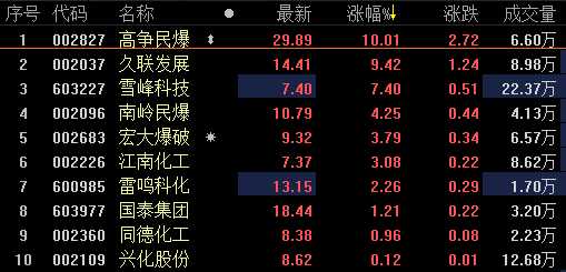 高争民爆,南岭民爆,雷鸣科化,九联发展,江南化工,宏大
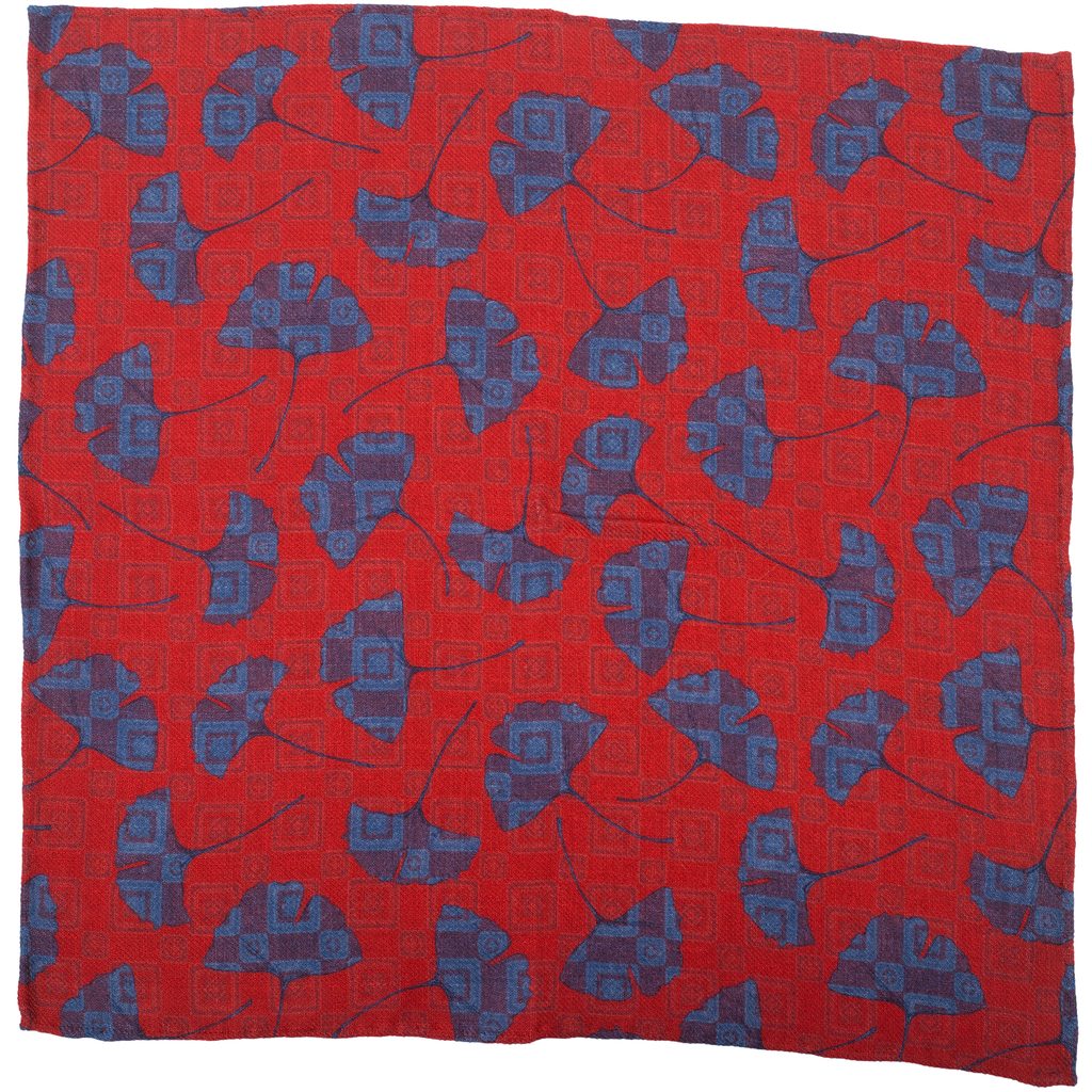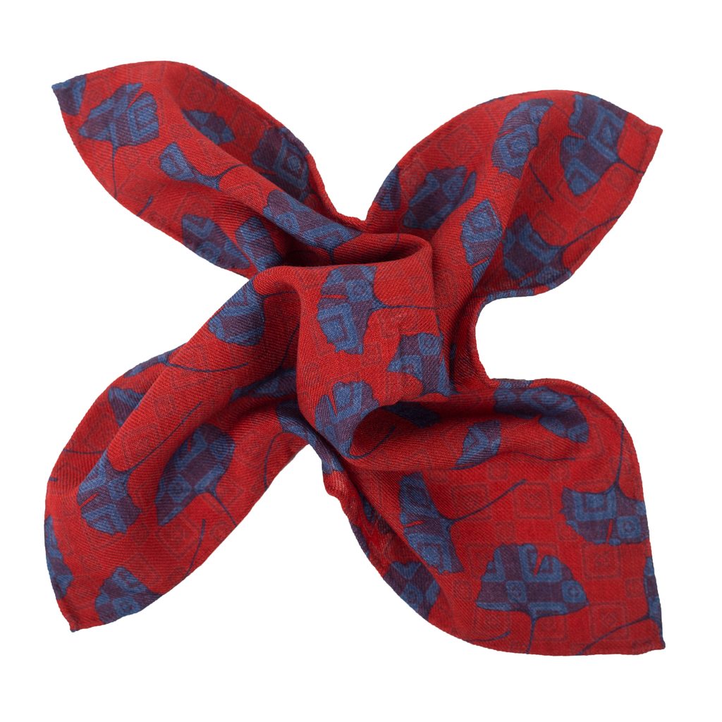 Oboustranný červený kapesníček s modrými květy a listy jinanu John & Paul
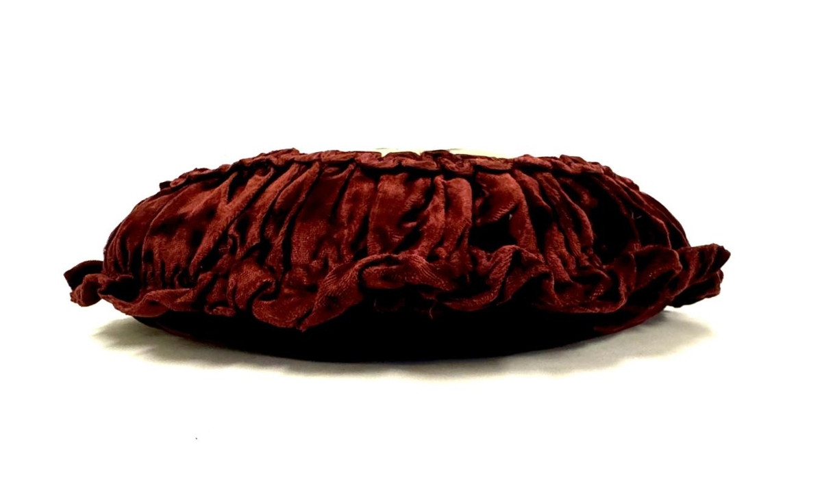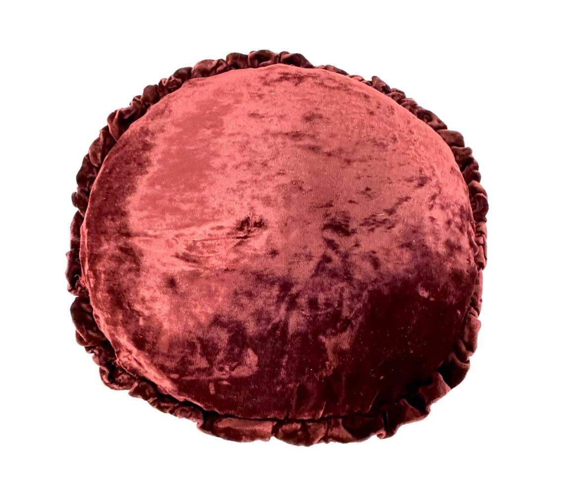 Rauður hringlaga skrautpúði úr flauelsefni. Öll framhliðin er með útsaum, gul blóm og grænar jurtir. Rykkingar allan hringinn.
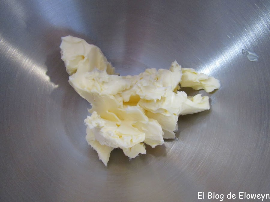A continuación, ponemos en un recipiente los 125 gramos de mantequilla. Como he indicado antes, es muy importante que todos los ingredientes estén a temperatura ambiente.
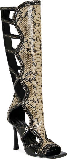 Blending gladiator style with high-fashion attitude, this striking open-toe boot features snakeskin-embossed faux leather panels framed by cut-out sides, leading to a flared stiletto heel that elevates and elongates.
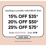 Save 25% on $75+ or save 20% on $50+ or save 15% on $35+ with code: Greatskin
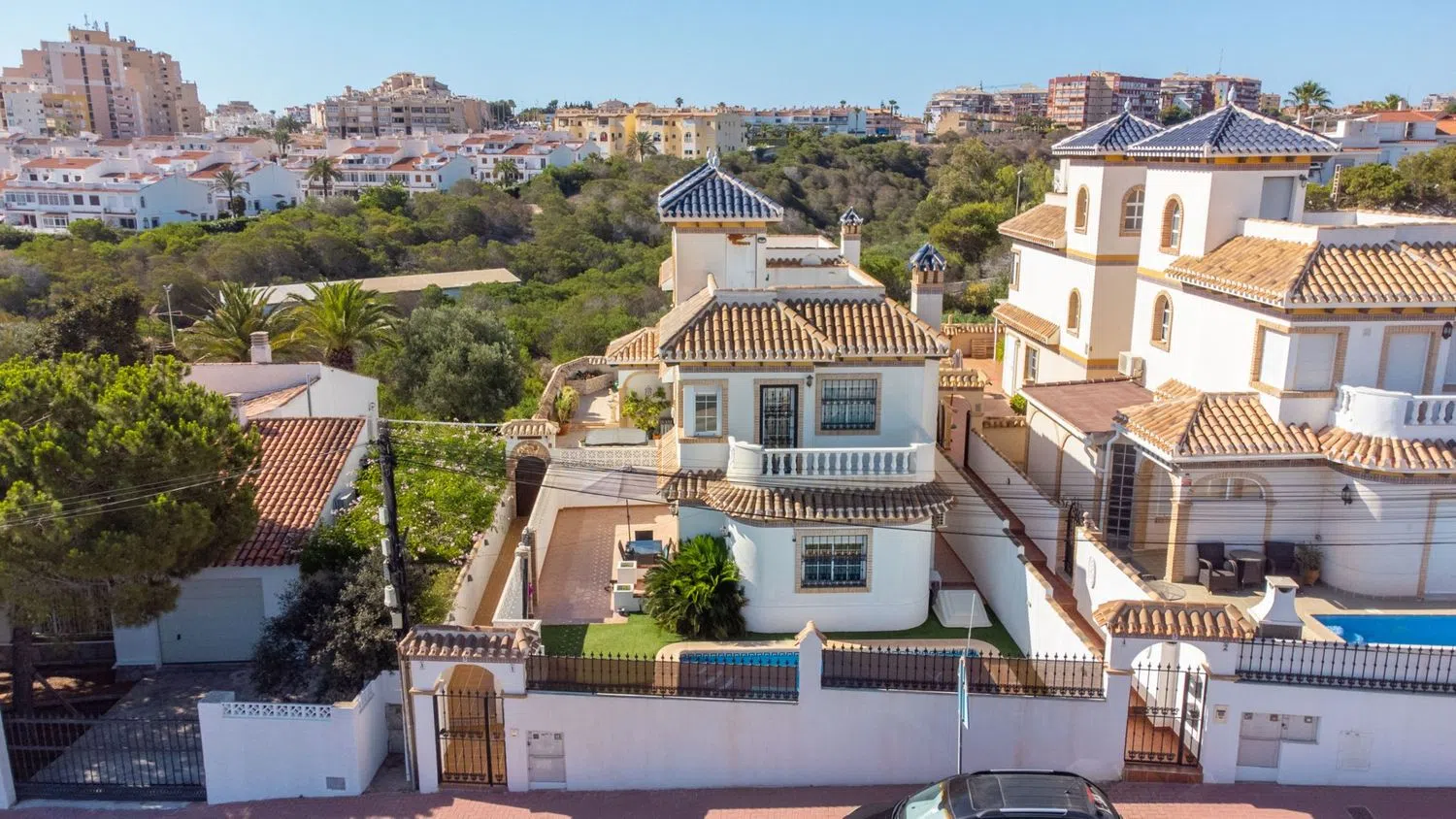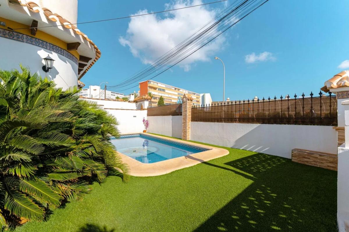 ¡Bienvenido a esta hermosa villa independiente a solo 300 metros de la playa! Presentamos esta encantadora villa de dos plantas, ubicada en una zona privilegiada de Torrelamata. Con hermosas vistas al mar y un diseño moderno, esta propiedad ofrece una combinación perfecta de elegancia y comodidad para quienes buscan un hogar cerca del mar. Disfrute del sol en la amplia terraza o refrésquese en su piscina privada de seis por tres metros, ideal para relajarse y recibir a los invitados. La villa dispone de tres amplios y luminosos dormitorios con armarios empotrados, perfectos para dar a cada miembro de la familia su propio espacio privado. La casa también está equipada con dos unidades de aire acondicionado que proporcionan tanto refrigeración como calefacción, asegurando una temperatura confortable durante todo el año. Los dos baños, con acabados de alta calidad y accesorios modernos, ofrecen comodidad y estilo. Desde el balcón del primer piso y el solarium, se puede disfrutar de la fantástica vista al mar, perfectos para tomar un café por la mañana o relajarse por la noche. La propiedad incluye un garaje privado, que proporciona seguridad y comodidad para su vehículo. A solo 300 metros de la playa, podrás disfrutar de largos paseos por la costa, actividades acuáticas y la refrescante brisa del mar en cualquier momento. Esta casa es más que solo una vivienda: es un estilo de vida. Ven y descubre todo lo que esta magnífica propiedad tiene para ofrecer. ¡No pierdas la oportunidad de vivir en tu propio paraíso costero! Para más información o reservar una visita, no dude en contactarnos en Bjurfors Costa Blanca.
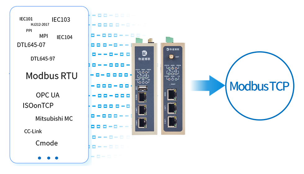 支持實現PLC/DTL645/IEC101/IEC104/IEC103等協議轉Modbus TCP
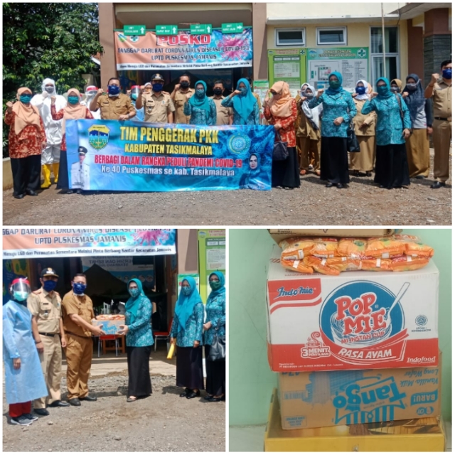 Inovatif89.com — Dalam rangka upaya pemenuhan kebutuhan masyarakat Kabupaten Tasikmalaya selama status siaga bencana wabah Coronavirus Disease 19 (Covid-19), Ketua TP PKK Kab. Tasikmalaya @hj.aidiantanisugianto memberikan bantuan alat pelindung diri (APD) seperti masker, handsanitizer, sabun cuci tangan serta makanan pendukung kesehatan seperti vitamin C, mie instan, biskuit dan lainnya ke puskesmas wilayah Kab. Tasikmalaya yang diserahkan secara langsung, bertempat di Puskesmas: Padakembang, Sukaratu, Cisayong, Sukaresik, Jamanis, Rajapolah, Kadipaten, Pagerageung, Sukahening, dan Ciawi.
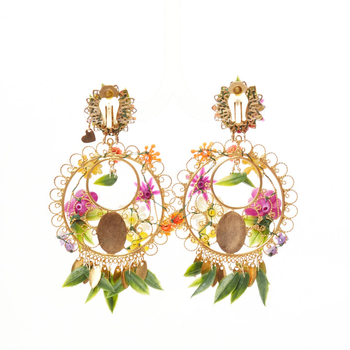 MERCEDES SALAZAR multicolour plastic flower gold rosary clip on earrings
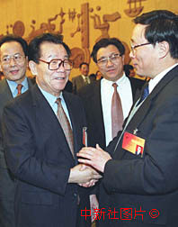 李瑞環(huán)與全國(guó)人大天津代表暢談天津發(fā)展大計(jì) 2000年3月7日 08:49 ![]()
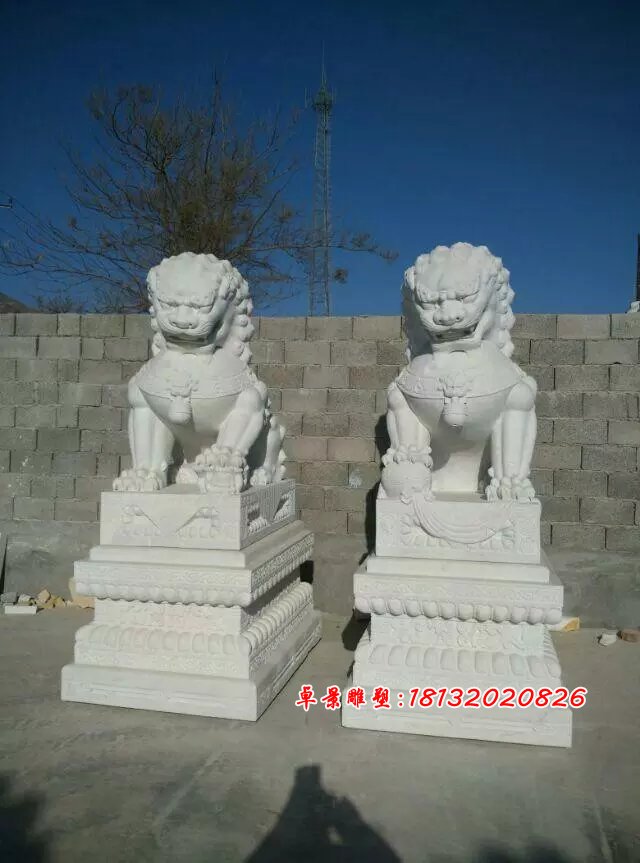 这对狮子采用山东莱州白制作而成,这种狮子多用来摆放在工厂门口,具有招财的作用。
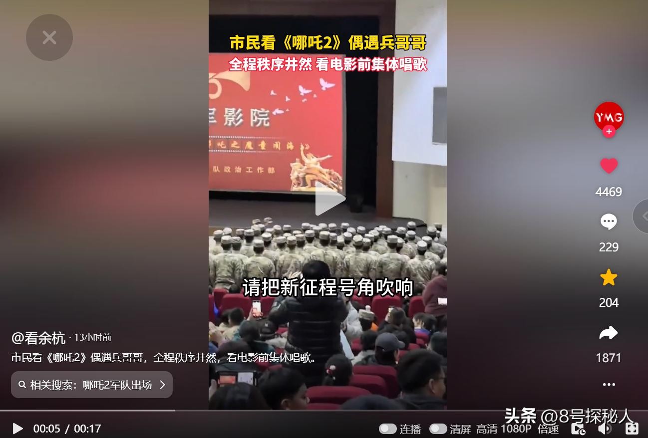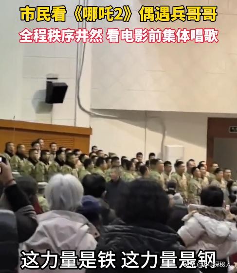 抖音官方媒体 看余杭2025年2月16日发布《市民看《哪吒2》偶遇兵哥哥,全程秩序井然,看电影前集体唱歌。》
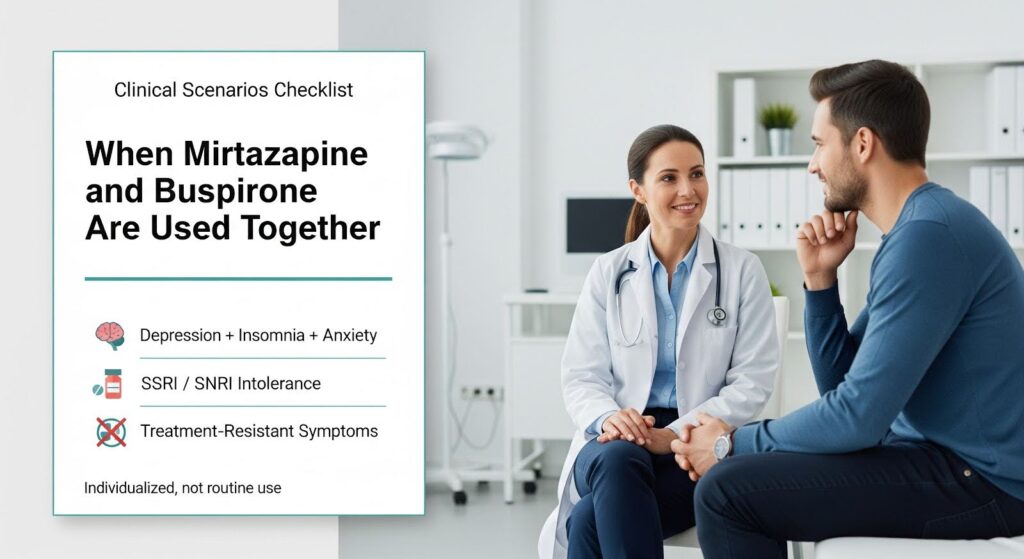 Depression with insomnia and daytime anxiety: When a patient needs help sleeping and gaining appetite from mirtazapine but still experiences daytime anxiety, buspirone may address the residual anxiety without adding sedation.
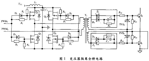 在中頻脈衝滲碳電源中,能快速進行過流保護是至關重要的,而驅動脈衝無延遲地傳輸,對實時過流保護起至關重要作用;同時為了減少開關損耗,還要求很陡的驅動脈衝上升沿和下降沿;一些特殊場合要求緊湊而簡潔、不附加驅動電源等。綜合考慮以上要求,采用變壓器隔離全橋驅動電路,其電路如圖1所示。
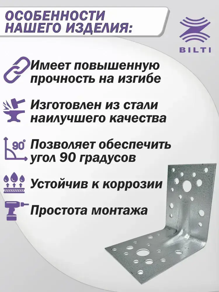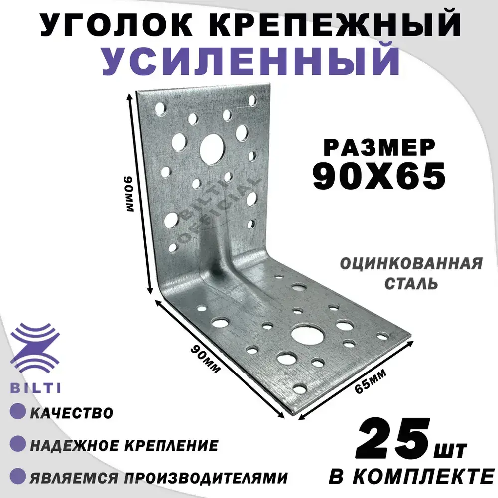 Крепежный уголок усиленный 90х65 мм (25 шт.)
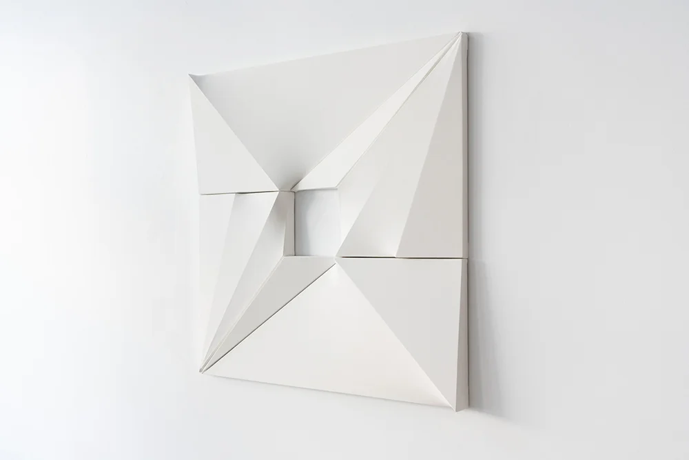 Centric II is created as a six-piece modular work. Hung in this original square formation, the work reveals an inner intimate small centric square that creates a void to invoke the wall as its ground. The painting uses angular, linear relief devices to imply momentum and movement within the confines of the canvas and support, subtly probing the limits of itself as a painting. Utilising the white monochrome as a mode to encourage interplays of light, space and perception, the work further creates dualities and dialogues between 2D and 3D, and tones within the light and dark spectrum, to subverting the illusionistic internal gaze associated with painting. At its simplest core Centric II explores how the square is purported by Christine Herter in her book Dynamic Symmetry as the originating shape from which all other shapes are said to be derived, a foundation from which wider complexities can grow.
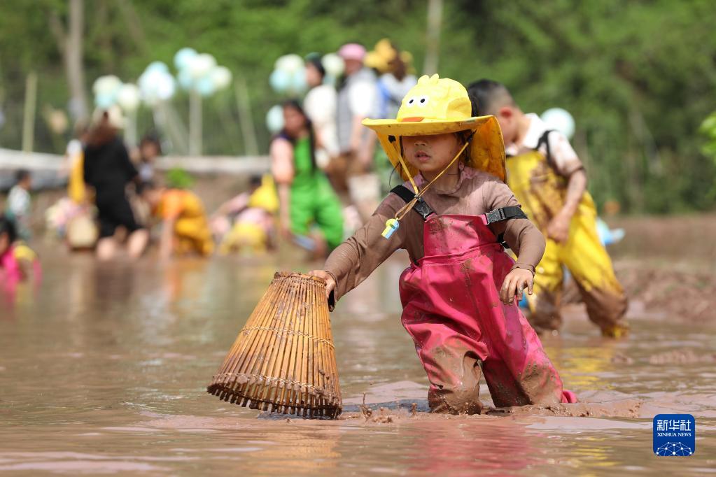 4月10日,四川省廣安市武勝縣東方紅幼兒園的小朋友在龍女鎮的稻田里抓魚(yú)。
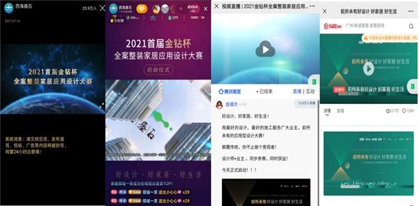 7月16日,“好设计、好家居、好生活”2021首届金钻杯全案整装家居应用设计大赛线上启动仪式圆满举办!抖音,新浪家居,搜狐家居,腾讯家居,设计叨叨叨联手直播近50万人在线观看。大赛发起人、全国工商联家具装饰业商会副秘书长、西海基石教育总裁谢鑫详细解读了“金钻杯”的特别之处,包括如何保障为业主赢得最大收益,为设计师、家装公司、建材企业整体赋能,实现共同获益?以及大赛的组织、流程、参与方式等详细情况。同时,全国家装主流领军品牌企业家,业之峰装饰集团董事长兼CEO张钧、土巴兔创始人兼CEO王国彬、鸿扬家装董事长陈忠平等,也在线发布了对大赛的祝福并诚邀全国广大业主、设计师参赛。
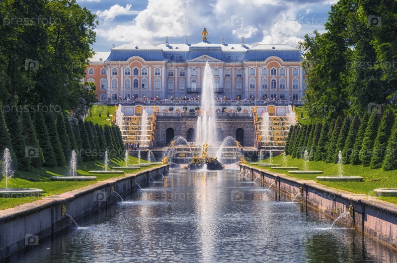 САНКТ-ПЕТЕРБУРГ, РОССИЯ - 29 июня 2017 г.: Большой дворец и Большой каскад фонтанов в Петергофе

## WHAT YOU SHOULD DO:
Though the entries above contain pictures, none should be copied; reproduce only the lines between the one holding "这对狮子采用山东莱州白制作而成,这种狮子多用来摆放在工厂门口,具有招财的作用。" and the one holding "抖音官方媒体 看余杭2025", inclusive, exactly as written.

## YOUR SOLUTION:
 这对狮子采用山东莱州白制作而成,这种狮子多用来摆放在工厂门口,具有招财的作用。
 抖音官方媒体 看余杭2025年2月16日发布《市民看《哪吒2》偶遇兵哥哥,全程秩序井然,看电影前集体唱歌。》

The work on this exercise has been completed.